Saved data entries

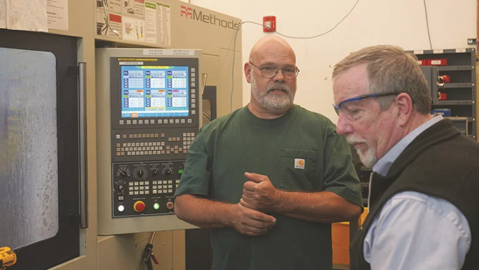 Greg Camron (left), shop manager at Alicat Scientific, and Bernie Otto, Kiwa product manager for Methods Machine Tools, going over the Kiwa KHM-300A PC6.
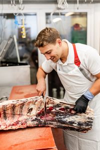 Marius Karl Hanten lebt und liebt seinen Beruf. Und das schon von Kindesbeinen an. „Unsere Metzgerei gibt es schon seit 1947, immer in Familienhand. Schon als kleiner Junge hat mein Vater mich mit zur Arbeit genommen – ich bin mit dieser Tradition auf- und in sie hineingewachsen“, sagt der Fleischermeister. Er beschreibt sich selbst mit den Adjektiven positiv, abenteuerlustig und fleißig – eigentlich müsste man auch noch sportlich hinzufügen, „Im Handwerk geht es um Qualität, Tierwohl und Begeisterung, in der Industrie lediglich um Masse und Zeit. Das hat meine Überzeugung und Leidenschaft fürs Fleischerhandwerk gestärkt“, sagt der 28-Jährige. Da verwundert es nicht, dass das Fleischerhandwerk für ihn mehr ist als nur ein Job, vielmehr seine Berufung. „Die individuelle Verarbeitung des Tieres hin zu einem nachhaltigen Lebensmittel, bei dem ich weiß, wie das Tier gelebt hat, wie es geschlachtet wurde und was in der Wurst ist – und ich das an meinen Kunden weitergeben kann – das ist es, was mich mit Stolz erfüllt“, sagt Marius. Stolz ist es auch, was er über das Handwerk, die handwerkliche Arbeit empfindet. „Wir sind nicht nur die Wirtschaftsmacht von nebenan, nicht nur Nachbarn und Freunde, sondern auch Arbeitgeber in der Region. Und es ist wichtig, das Wissen und Können um das Handwerk an die nächsten Generationen weiterzugeben“, sagt der frisch gebackene Vater eines Sohnes.
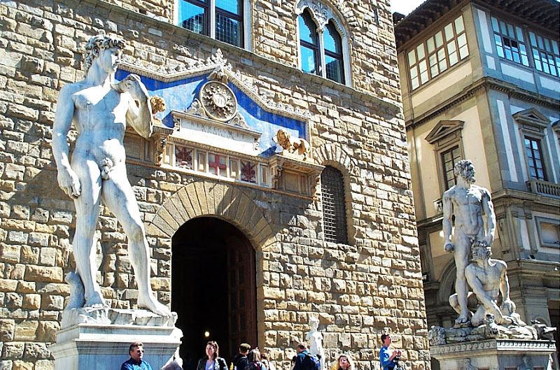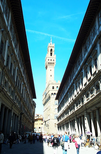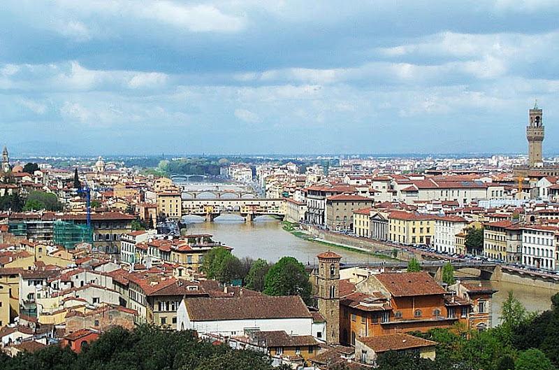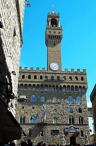 天主聖三橋 興建於文藝復興時期,長32公尺。該橋由佛羅倫斯建築師Bartolomeo Ammanati興建於1567年至1569年。 1608年,橋上增建了四季雕塑,以慶祝科西莫二世·德·美第奇與瑪利亞·馬格達萊納的婚禮:《春》(Pietro Francavilla),《夏》和《秋》(Giovanni Caccini),《冬》(Taddeo Landini)。 舊橋 同樣位於阿諾河上,建於1345年,是歐洲出現最早的大跨度圓弧拱橋。 舊橋的另一個特別之處在於橋上建有店舖,最初為肉鋪(註:為什麼時肉鋪咧...據說是殺豬殺雞之後, 那些外國人不吃的內臟..等就直接"下水"...嗯, 果然...中國人稱那些為下水也是有道理的...呵呵...),現在則多是首飾店和旅遊紀念品店。 舊宮 (Palazzo Vecchio)也是目前佛羅倫斯的市政廳。Vecchio 這個字是古老的意思,不過也有人直譯為『維奇歐宮』。 厚重的羅馬式建築,開垛口的堡壘,使其成為托斯卡尼最宏偉的市政廳。 它俯瞰著領主廣場,門口置放米開朗基羅大衛像的複製品,以及眾多的雕塑傑作。 領主廣場 (Piazza della Signoria) 領主廣場是佛羅倫斯的中心廣場,呈「L」形,市政廳舊宮及其鋸齒形塔樓是廣場上的主要建築,至今仍是該市政治和社會生活的中心。 廣場上羅列著眾多的雕塑傑作,例如大衛像的複製品、科西莫一世青銅騎馬像、海神噴泉、海格力斯和凱克斯等等,如同一座壯麗的露天博物館。 聖母百花大教堂 (義大利語:Basilica di Santa Maria del Fiore)
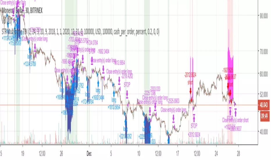 This is a strategy (backtest) script which uses multitimeframe TDI (only the upper side of the indicator) to trade XMRUSD on 30 min.
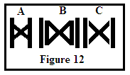 The bindrune created by two facing Thursiaz Runes can be broken down in several ways to understand the esoteric power of the runic energies of this bindrune. If we examine the runic symbols in figure 12, we see symbol A as the two Thurisaz Runes facing each other. Symbol B is the Rune Dagaz (D) squeezed between two Isa Runes (l). We use Isa as a force for and containment, as well as compression. Dagaz is contained with the two Isa Runes. In symbol C, a variation of this process is two Kenaz Runes place between the two Isa Runes. Here we have fire and energy controlled and compressed (Figure 12).
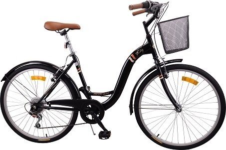 Der braune Komfortsattel sorgt nicht nur für eine elegante Note, sondern sorgt auch dafür, dass Sie während der gesamten Radtour bequem sitzen. Darüber hinaus ist ein praktischer Fahrradkorb im Lieferumfang enthalten, mit dem Sie vom Lebensmitteleinkauf bis hin zu persönlichen Gegenständen problemlos alles mitnehmen können.
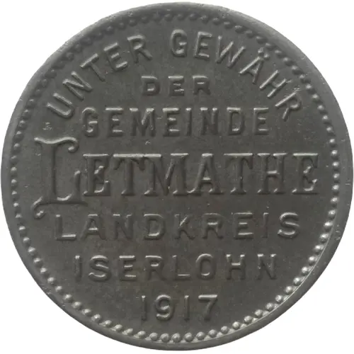 | Leyenda del anverso | UNTER GEWÄHR DER GEMEINDE LETMATHE LANDKREIS ISERLOHN 1917 |
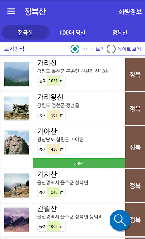 100대 명산을 정복하고 체크해보세요. 추가되었습니다.
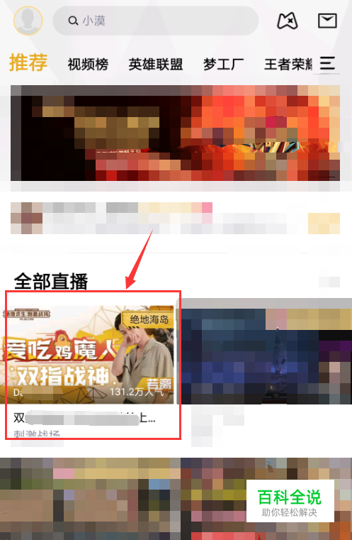 在首页中推荐的直播房间,随便点一个进入。

* What you need to do
Output the line that contains "100대 명산을 정복하고 체크해보세요. 추가되었습니다." and every subsequent line through the end of the entries, exactly as given, without pictures.

* Answer to the problem
 100대 명산을 정복하고 체크해보세요. 추가되었습니다.
 在首页中推荐的直播房间,随便点一个进入。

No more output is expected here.